Rare-earth metal hydrides supported by silicon-bridged boratabenzene fluorenyl ligands: synthesis, structure and reactivity.

作者信息

Wang Chunhong, Xiang Li, Leng Xuebing, Chen Yaofeng

机构信息

State Key Laboratory of Organometallic Chemistry, Shanghai Institute of Organic Chemistry, Chinese Academy of Sciences, 345 Lingling Road, Shanghai 200032, People's Republic of China.

出版信息

Dalton Trans. 2017 Jan 24;46(4):1218-1227. doi: 10.1039/c6dt04441g.

DOI:10.1039/c6dt04441g
PMID:28058416
Abstract

The reactions of rare-earth metal benzyl complexes supported by silicon-bridged boratabenzene fluorenyl ligands with PhSiH in toluene gave the corresponding dinuclear hydrides [{μ-[MeSi(CH)(CHBNEt)]}Ln(μ-H)(THF)] (3-Ln; Ln = La, Nd, Gd), wherein the rare-earth metal ions are linked by both silicon-bridged boratabenzene fluorenyl ligands and hydrido ligands. The reactivity of these hydrides toward unsaturated substrates was studied. Among these, alkynides [{μ-[MeSi(CH)(CHBNEt)]}Ln(μ-CCPh)] (4-Ln; Ln = La, Nd) were obtained via the σ-bond metathesis reaction, when 3-Ln (Ln = La, Nd) was treated with phenylacetylene. While reacting with 3-hexyne, the mono-addition product {μ-[MeSi(CH)(CHBNEt)]}Ln[μ-C(Et)[double bond, length as m-dash]C(H)Et] (5-Ln; Ln = La, Nd) was formed. Further investigations on the reactivity of 3-La displayed that benzonitrile and tert-butyl isonitrile readily inserted into the La-H bonds, affording an azomethine complex [{μ-[MeSi(CH)(CHBNEt)]}La{μ-N[double bond, length as m-dash]C(H)Ph}] (6-La) and an N-tert-butylformimidoyl complex [{μ-[MeSi(CH)(CHBNEt)]}La{μ,η-C(H)[double bond, length as m-dash]NBu}] (7-La), respectively.
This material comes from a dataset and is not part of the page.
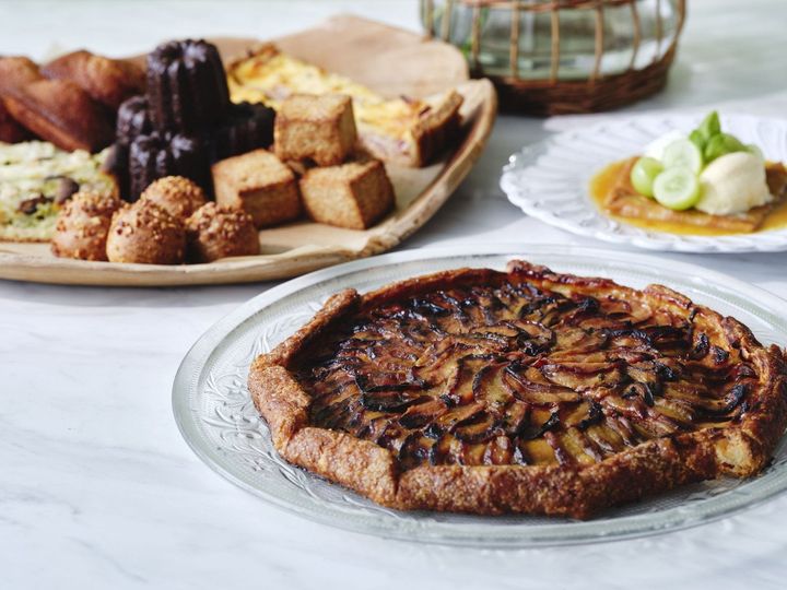 ゲストの目の前まで運ばれるベイクワゴンは、「カヌレ」「シューパリジャン」「季節のフルーツのガレット」「フィナンシェレーヌ」「スコーン」「キッシュロレーヌ」「チキンジェノベーゼのブリオッシュタルト」の全7種類から好みの焼菓子4種類を選ぶことができる。

The reaction with N,N'-diisopropylcarbodiimide at room temperature or at 75 °C gave a dimeric complex {μ-[MeSi(CH)(CHBNEt)]}La[μ-N(Pr)CHN(Pr)] (8-La) or a monomeric complex [MeSi(CH)(CHBNEt)]La[N(Pr)CHN(Pr)] (9-La), respectively.

摘要

由硅桥联硼杂苯芴基配体支撑的稀土金属苄基配合物与甲苯中的PhSiH反应,生成了相应的双核氢化物[{μ-[MeSi(CH)(CHBNEt)]}Ln(μ-H)(THF)] (3-Ln;Ln = La、Nd、Gd),其中稀土金属离子通过硅桥联硼杂苯芴基配体和氢化物配体相连。研究了这些氢化物对不饱和底物的反应活性。其中,当用苯乙炔处理3-Ln (Ln = La、Nd)时,通过σ键复分解反应得到了炔化物[{μ-[MeSi(CH)(CHBNEt)]}Ln(μ-CCPh)] (4-Ln;Ln = La、Nd)。与3-己炔反应时,形成了单加成产物{μ-[MeSi(CH)(CHBNEt)]}Ln[μ-C(Et)[双键,长度为m破折号]C(H)Et] (5-Ln;Ln = La、Nd)。对3-La反应活性的进一步研究表明,苯甲腈和叔丁基异腈很容易插入到La-H键中,分别得到一个甲亚胺配合物[{μ-[MeSi(CH)(CHBNEt)]}La{μ-N[双键,长度为m破折号]C(H)Ph}] (6-La)和一个N-叔丁基甲脒基配合物[{μ-[MeSi(CH)(CHBNEt)]}La{μ,η-C(H)[双键,长度为m破折号]NBu}] (7-La)。在室温或75°C下与N,N'-二异丙基碳二亚胺反应,分别得到一个二聚配合物{μ-[MeSi(CH)(CHBNEt)]}La[μ-N(Pr)CHN(Pr)] (8-La)或一个单体配合物[MeSi(CH)(CHBNEt)]La[N(Pr)CHN(Pr)] (9-La)。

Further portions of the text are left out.